- Given material -
■ ■ ■ ■ ■
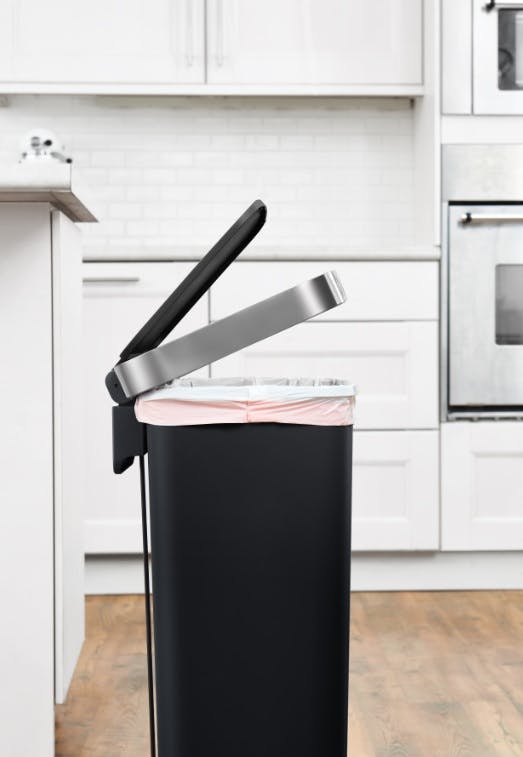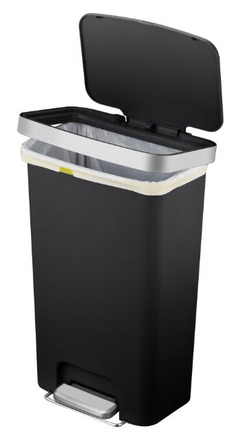 横型レクタングルサイズのステップ式ゴミ箱。フタシルバーふちのリム部分とフタを一緒に持ち上げると開放状態にできます。移動に便利な内蔵キャスター付き。
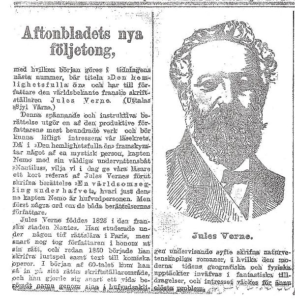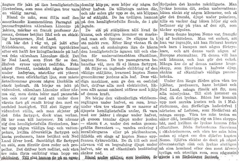 Den 30 januari 1907 införde man en liten artikel om Jules Verne och om den kommande följetongen med en sammanfattning av ”En världsomsegling under hafvet”, vilket man tydligen tyckte att läsarna behövde. I nästa nummer, den 2 februari, började följetongen, som sen fortsatte ända till den 15 augusti 1908. Varje dag trycktes 6-7 spalter nederst på sidan, med annan text på baksidan. Så förhoppningen att finna den i urklippt skick är nog liten!
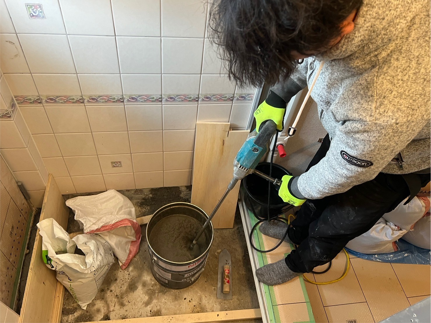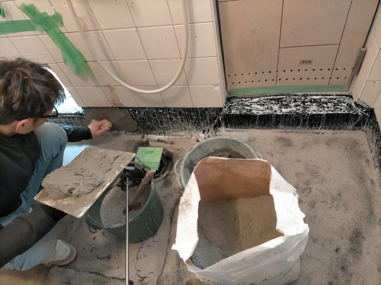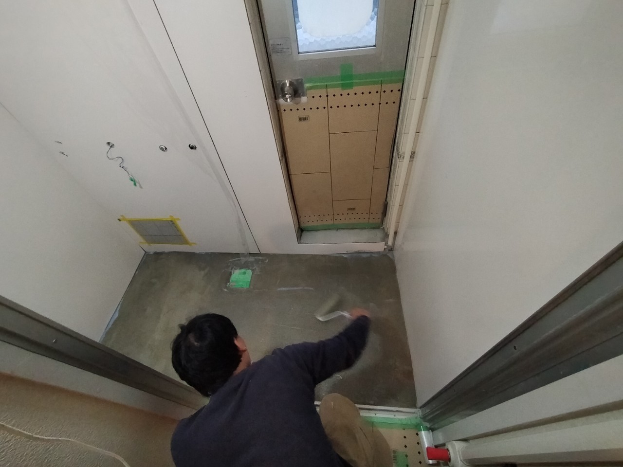 モルタルが乾いたら、再度キレイに掃き掃除を行い、防水加工に入ります。
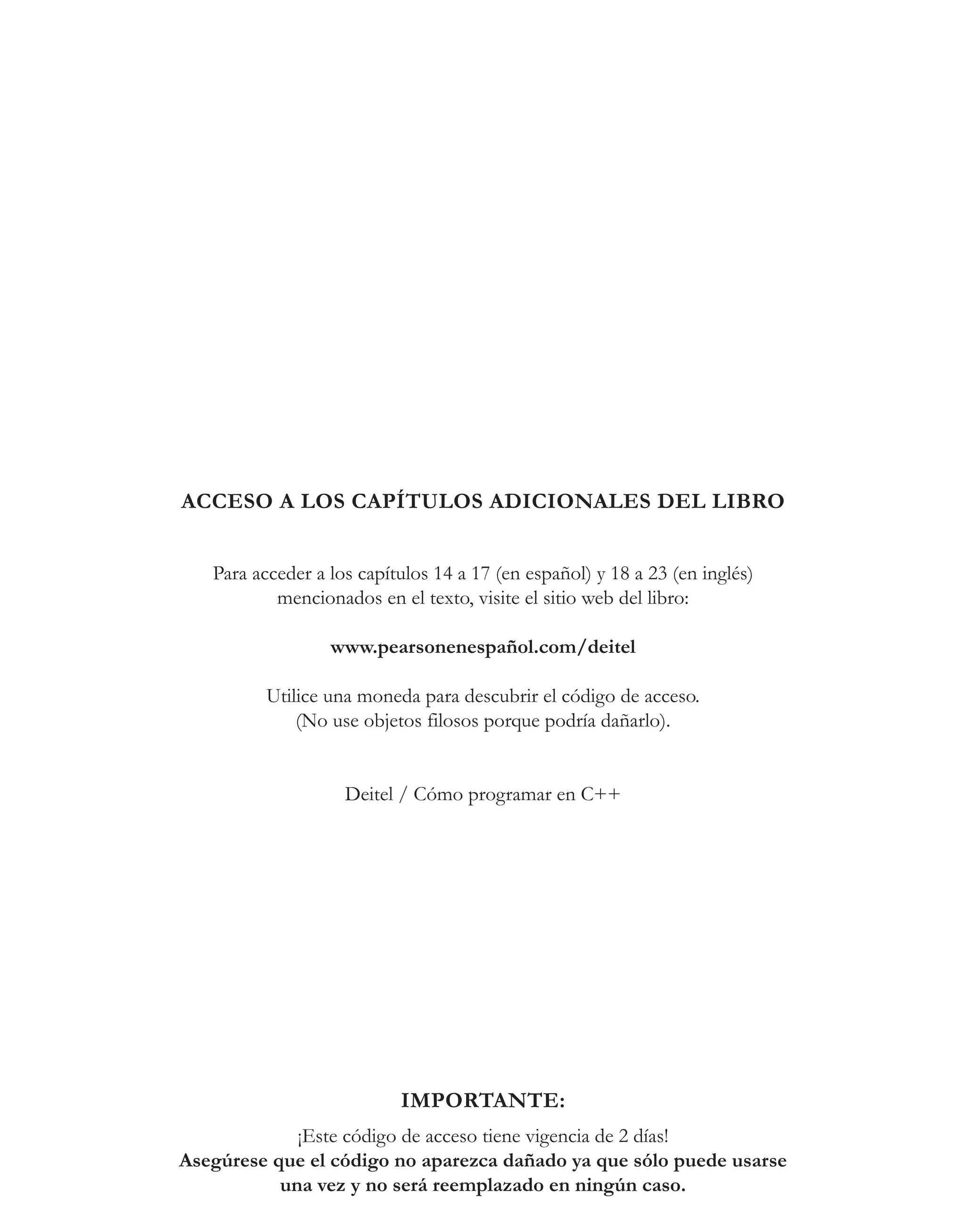 Este documento presenta un libro sobre programación en C++. El libro utiliza el método de código activo de Deitel, donde los conceptos se presentan en el contexto de programas completos en lugar de fragmentos de código. El libro cubre temas como programación orientada a objetos, el estándar C++11, apuntadores inteligentes y la biblioteca estándar de C++. El documento también proporciona información sobre cómo acceder a capítulos adicionales del libro en línea.
■ ■ ■ ■ ■
- Exercise requirements -
Leave the pictures aside and print exactly, and only, the lines from the one with "モルタルが乾いたら、再度キレイに掃き掃除を行い、防水加工に入ります。" through the end of the data, both included.

- Solved problem -
 モルタルが乾いたら、再度キレイに掃き掃除を行い、防水加工に入ります。
 Este documento presenta un libro sobre programación en C++. El libro utiliza el método de código activo de Deitel, donde los conceptos se presentan en el contexto de programas completos en lugar de fragmentos de código. El libro cubre temas como programación orientada a objetos, el estándar C++11, apuntadores inteligentes y la biblioteca estándar de C++. El documento también proporciona información sobre cómo acceder a capítulos adicionales del libro en línea.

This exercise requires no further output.